About this task: Copy the lines below word for word, skipping any image.

Information supplied:

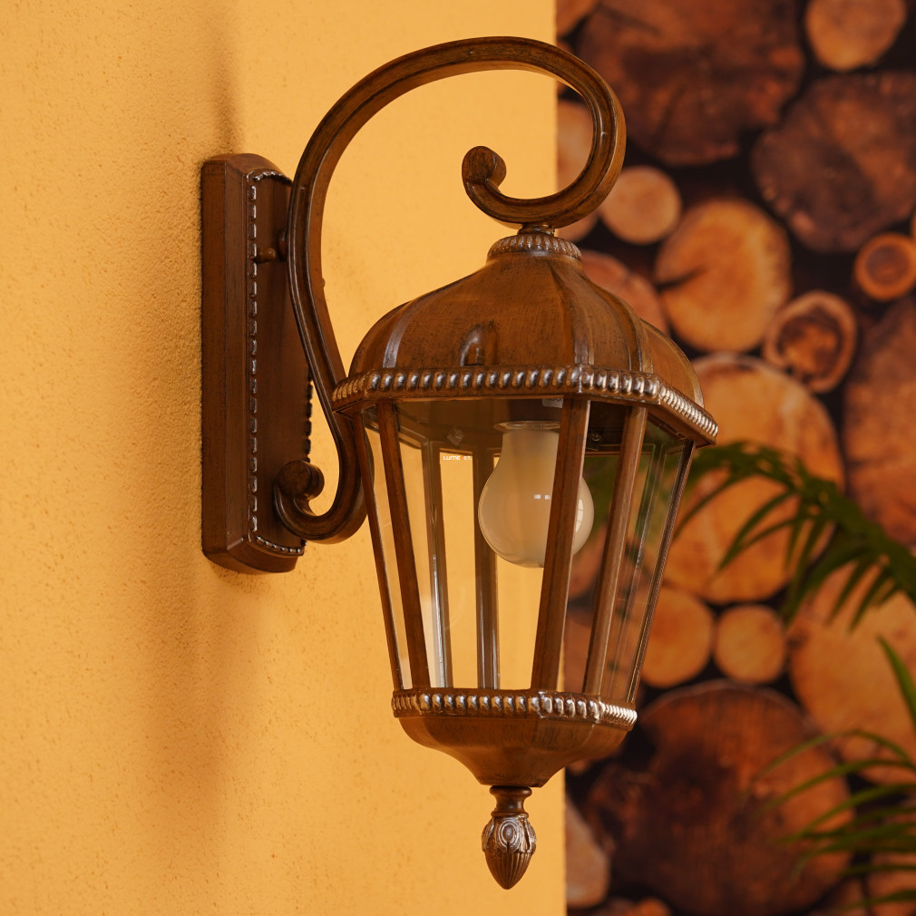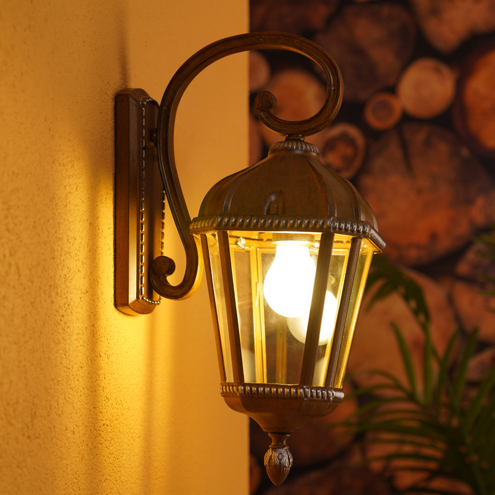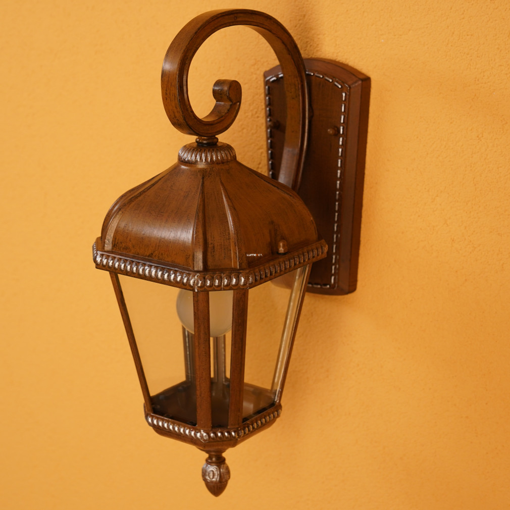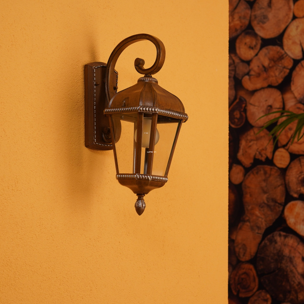 Klasszikus kültéri fali lámpa fényforrással, felső rögzítésű, antik barna - Essen Redo 9667
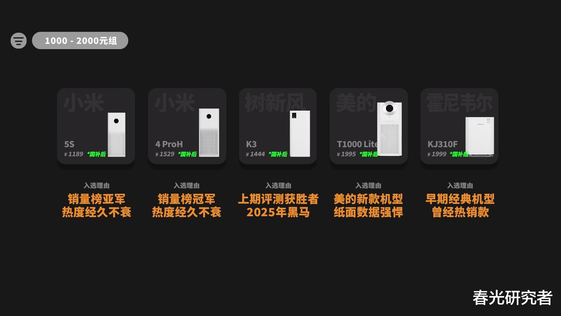 首先是1-2000元组别:两款米家(4 ProH和5S),主打的就是便宜,常年霸占整个净化器类目的销量冠亚军,无论怎么选,一定绕不开的型号。树新风K3,我们上期评测的获胜款,千元级别中除醛能力断档领先,绝对是2025年的一匹黑马。美的T1000 Lite,美的新出的一款机型,同级别中参数非常亮眼。最后是霍尼韦尔KJ310F,和美的恰恰相反,这是霍尼韦尔家比较早期的一款机器,很经典。
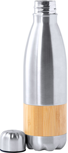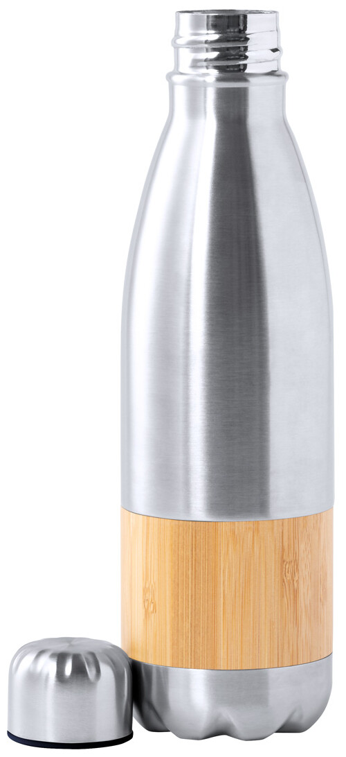 Sportovní láhev ve tvaru láhve z nerezové oceli s bambusovou vložkou, 750 ml.

Answer section:
 Klasszikus kültéri fali lámpa fényforrással, felső rögzítésű, antik barna - Essen Redo 9667
 首先是1-2000元组别:两款米家(4 ProH和5S),主打的就是便宜,常年霸占整个净化器类目的销量冠亚军,无论怎么选,一定绕不开的型号。树新风K3,我们上期评测的获胜款,千元级别中除醛能力断档领先,绝对是2025年的一匹黑马。美的T1000 Lite,美的新出的一款机型,同级别中参数非常亮眼。最后是霍尼韦尔KJ310F,和美的恰恰相反,这是霍尼韦尔家比较早期的一款机器,很经典。
 Sportovní láhev ve tvaru láhve z nerezové oceli s bambusovou vložkou, 750 ml.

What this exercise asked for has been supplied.